Complete step by step answer:
In the circuit given to us, let us start by naming the currents in different branches of the circuit.
The potential drop across the battery will be negative when the direction of current is assumed to be from its negative to the positive terminal and positive when going from a positive to a negative terminal. The voltage drop across a resistor will be the product of the current in the resistance and the value of the resistance as determined from ohm’s law $(\Delta V = iR)$.
Starting with the loop ABCDA, we can use Kirchhoff’s voltage law and write
$ - 15 + 2{i_2} + 2 = 0$
Solving for ${i_2}$, we get
${i_2} = \dfrac{{13}}{2}A$
Now in the loop CDEFC, we can use Kirchhoff’s voltage law and write
$2 + 2{i_2} - 5 - 3{i_3} = 0$
Substituting the value of ${i_2} = \dfrac{{13}}{2}A$, we can solve for ${i_3}$ as
$ - 3{i_3} = 3 - 13$
$ \Rightarrow {i_3} = \dfrac{{10}}{3}$
Now in the loop EFGHE,we can use Kirchhoff’s voltage law and write
$ - 5 - 3{i_3} + 5{i_5} + 10 = 0$
Substituting the value of ${i_3} = \dfrac{{10}}{3}$, we can solve the above equation for ${i_5}$ as
$5{i_5} = 5$
$ \Rightarrow {i_5} = 1$
In the final loop GHIJG, we can use Kirchhoff’s voltage law and write
$5{i_5} + 10 - 5 - 5{i_4} = 0$
Substituting the value of ${i_5} = 1$, we can solve the above equation for ${i_4}$ as
$5{i_4} = 10$
$ \Rightarrow {i_4} = 2$
Now from the diagram, we can see that at the junction point ‘H’, the current $I$ is entering and the current ${i_4} + {i_5}$ is exciting so from Kirchhoff’s current law, we can write
$I = {i_4} + {i_5}$
$\therefore I = 3A$ which corresponds to option (D).

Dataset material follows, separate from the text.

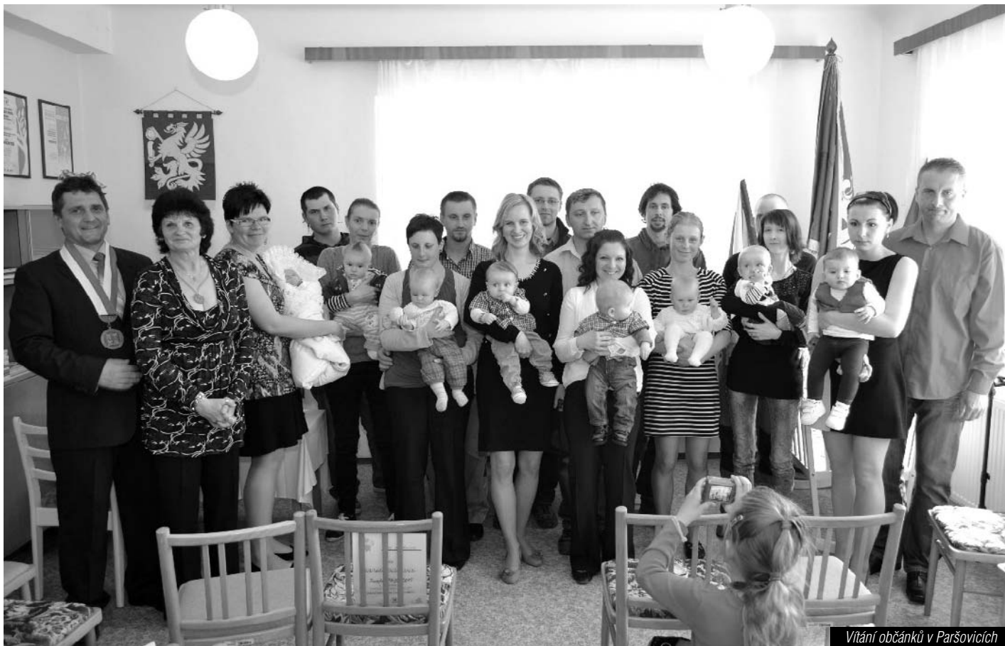
Vítání občanky v Paršovicích

V dubnu jsme do Paršovic přivítali nové občanky – dvě děvčátka a šest chlapečků. Poslední pátek v květnu se v našem farním kostele svatě Markéty, stejně jako v řadě dalších v naší republice i celé Evropě, konala již potřetí

Note: The direction of currents assumed in the image has been done intuitively. Even if we chose the opposite direction of the current, we will get the same magnitude but a negative sign of the current would indicate the direction of the current is opposite to what we have assumed. While using Kirchhoff’s voltage law, we should be careful that potential drop will only occur across resistors and potential cells and not in the wire which is why we can only find the current values corresponding to branches containing resistors and batteries directly.